Re: Searchable Web info (was Finding CGI spec...)

CyberWeb (web@sowebo.CHARM.NET)
Mon, 9 Jan 1995 18:32:21 +0100

Nick Arnett wrote:
> At 7:09 PM 1/1/95, Carlos Miguel Paraz wrote:
> >Hello,
> >
> >hoohoo at NCSA doesn't seem to give out the CGI documents. ("not found")
> >Does anyone know another place to get them, preferably from a FTP site?
> >Thanks to all.
> You tried <URL:>? Just worked
> for me.

Me2. But anyway, I've just placed some CGI docs into
> There's also some info at <URL:>.

Thanks for the mention! May I remind everyone, or inform the
newcomers, that there's a whole lot of web developer info at
<URL:http://WWW.Charm.Net/~web/> (soon to become
<URL:>, but still on good ole Charm.Net :*)
> In the "teach a man to fish" category, I'll add the somewhat self-serving
> (excuse the pun) information that we're indexed a bunch of Web-related
> documents, including these, at <URL:>.
> It's still a bit rough -- we're building the list of sites that we'll keep
> indexed; we're also building a Web knowledgebase to go with it. My HTML
> archives of this list and others are included (but I'll warn you that the
> index and the documents are temporarily out of sync -- I just cleaned a lot
> of old data out of the mail archives).
> So, please whack on it when you've looking for information about the Web.
> Feedback is welcome, as always.

OK: it's nice and fast! I searched for "cyberweb" (I can be
self-serving too.. :*) and got back some docs that are only signposts
I put up after a re-org some months ago. I just re-read the exclusion
standards; robots.txt needs to go at the root of the Charm.Net URL?

I did a search on "cgi" and got back a doc with a name I didn't
recognise. Now although I have several hundreds of HTML files,
like my children, I know most of them by name :*) I think you got
the href from a file that has a Base tag pointing to another server.

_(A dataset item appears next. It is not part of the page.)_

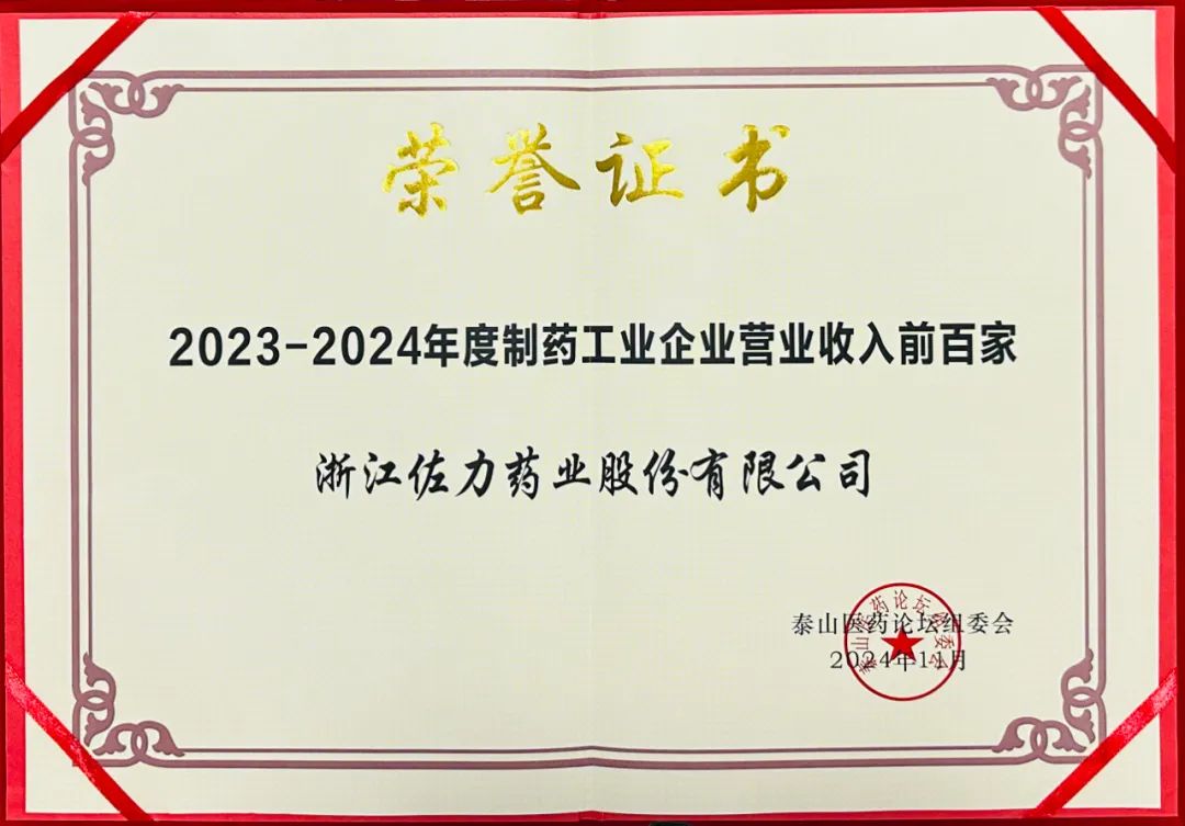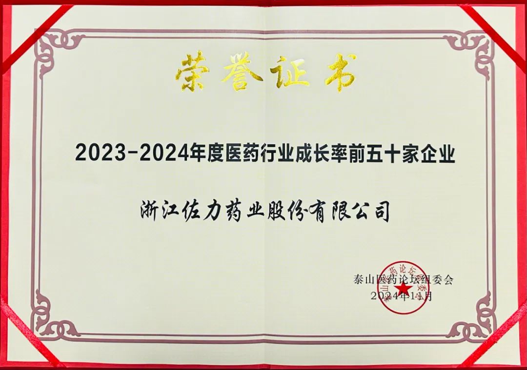11月5日,以全产业·大平台·深融合·共发展为主题的第三届泰山医药论坛暨2023-2024年度医药行业信息发布会在泉城济南隆重举办。此次盛会上,佐力药业一举获得了两项重要奖项:2023-2024年度医药行业增长率前五十家企业和2023-2024年度制药工业营业收入前百家企业。

Could indexers let indexed sites know they've been visited?
Then we could go in to check for such problems. People will
probably think it's a bad link at my site :*(

How often will you re-index? Another issue is updates and changes.
If there are major changes it would be nice to be able to ask the
indexers to re-index, else there will not be full info, or links may
appear broken.

I'd find it more helpful to have some text with an entry, e.g. an
excerpt, a la Lycos. The score helps some if one has supplied more
than one keyword. But this is part of the general indexing problem;
we need something (Meta?) to hold a document's abstract/keywords.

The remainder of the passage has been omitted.